Ministry of Interior (MoI) spokesman Sediq Sediqqi said on Monday that a task team has been appointed to investigate reports that a deal was made between security force members and the Taliban that led to the fall of the Teergaran base in Badakhshan a few days ago.
On Sunday, the Taliban freed 142 Afghan Local Police and border police who had reportedly surrendered to the insurgents on Saturday. They were freed following efforts on the part of tribal elders.
On Monday however, Sediqqi said that the circumstances of the incident were being probed especially in light of the fact that the Taliban had seized a large quantity of weapons.
“The Ministry of Interior has taken the matter under investigation and a delegation has been appointed to investigate the surrendering of local police forces to the Taliban,” said Sediqqi.
“These forces do not have a lack of equipment and ammunition and were able to protect their military base. Until the last minute the Minister of Interior had direct contact with them. The incident needs to be investigated to find out who made a deal with the Taliban,” Sediqqi added.
These claims followed the release of security force members who told officials that their move to surrender had been arranged.
Badakhshan police Chief Gen. Baba Jan has pointed a finger at Teergaran base’s local police commander for having cut a deal with the Taliban and said that he has evidence to back this up.
“Commander Jalal who was in charge of local police surrendered to the Taliban as part of a deal and other soldiers who witnessed the situation fled the area and surrendered to the security forces,” said Gen. Baba Jan Badakhshan police chief.
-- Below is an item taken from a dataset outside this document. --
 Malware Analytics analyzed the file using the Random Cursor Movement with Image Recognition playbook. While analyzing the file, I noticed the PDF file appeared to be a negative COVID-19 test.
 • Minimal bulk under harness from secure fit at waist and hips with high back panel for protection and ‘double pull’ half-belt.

Despite the security force members having been released, there are fears that the weapons seized by the Taliban could be used against troops in other districts in Badakhshan.
“The base was not a base that could easily collapse. Hundreds of mortars were coming but there was nothing serious that could not be controlled,” said one of the Teergaran base soldiers.
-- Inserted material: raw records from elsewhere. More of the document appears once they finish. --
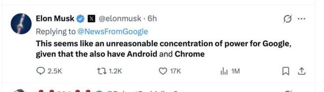“考慮到谷歌已經(jīng)控制了Android和Chrome,這樣的合作將導致不合理的權力集中。”馬斯克在X上寫道。
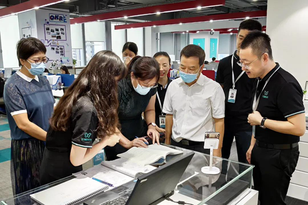 總裁田雪松對(duì)海珠區(qū)人大常委會(huì)副主任方錦群一行的到來(lái)表示誠(chéng)摯歡迎,并帶領(lǐng)大家參觀了云蝶智慧教育展示區(qū),深度體驗(yàn)了紙筆交互系統(tǒng)在課堂中的應(yīng)用場(chǎng)景。
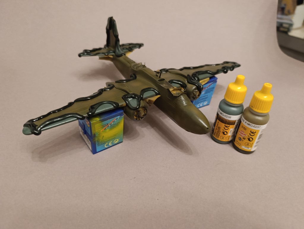 Mit mittelgrün wurden die Tarnflecken aufgetragen. Das wirkte zunächst etwas gewöhnungsbedürftig, weil die Flecken alle entlang des Randes verteilt sind
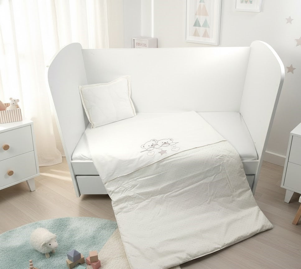 Подходящ за младите родители, които ценят качеството и искат да осигурят на своето дете най-доброто от самото начало. С този комплект вие инвестирате в уютни и спокойни нощи за вашето малко съкровище, като същевременно добавяте стил и очарование към интериора на детската стая.

The Taliban reportedly forced the mass surrender of over 140 security officers at the base on Saturday – pushing closer to a strategic pass at the border with Pakistan.
In addition to seizing weapons and ammunition, the Taliban also seized food.
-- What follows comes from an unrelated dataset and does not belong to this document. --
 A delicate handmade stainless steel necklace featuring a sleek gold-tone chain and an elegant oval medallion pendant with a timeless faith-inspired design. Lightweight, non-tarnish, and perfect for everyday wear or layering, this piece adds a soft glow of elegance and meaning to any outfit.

Meanwhile, Badakhshan provincial governor Shah Waliullah Adib told Reuters that an offensive to retake control of the base will be launched soon.
The capture of the base on Saturday, after days of fighting, was perhaps the Taliban’s greatest advance in Badakhshan since being ousted from power in 2001, according to a Western security report.
It said the Taliban gains cut off the route to China and left just one significant government outpost before a strategically important crossing at the Pakistani border.
“If successful, they [Taliban] will be able to establish a corridor… facilitating the cross-border movement of fighters currently based in Pakistan,” the report said.
The Taliban said in a statement that local elders had negotiated the release of 120 captured policemen, and that it had obtained guarantees they would not return to battle.
This is not the first time the Taliban has seized a base in Badakhshan and gotten away with light and heavy weapons. Recently, clashes in Jurm and Yamgan districts led to the killing of a number of security force members. The Taliban were also able to make off with military hardware in these incidents.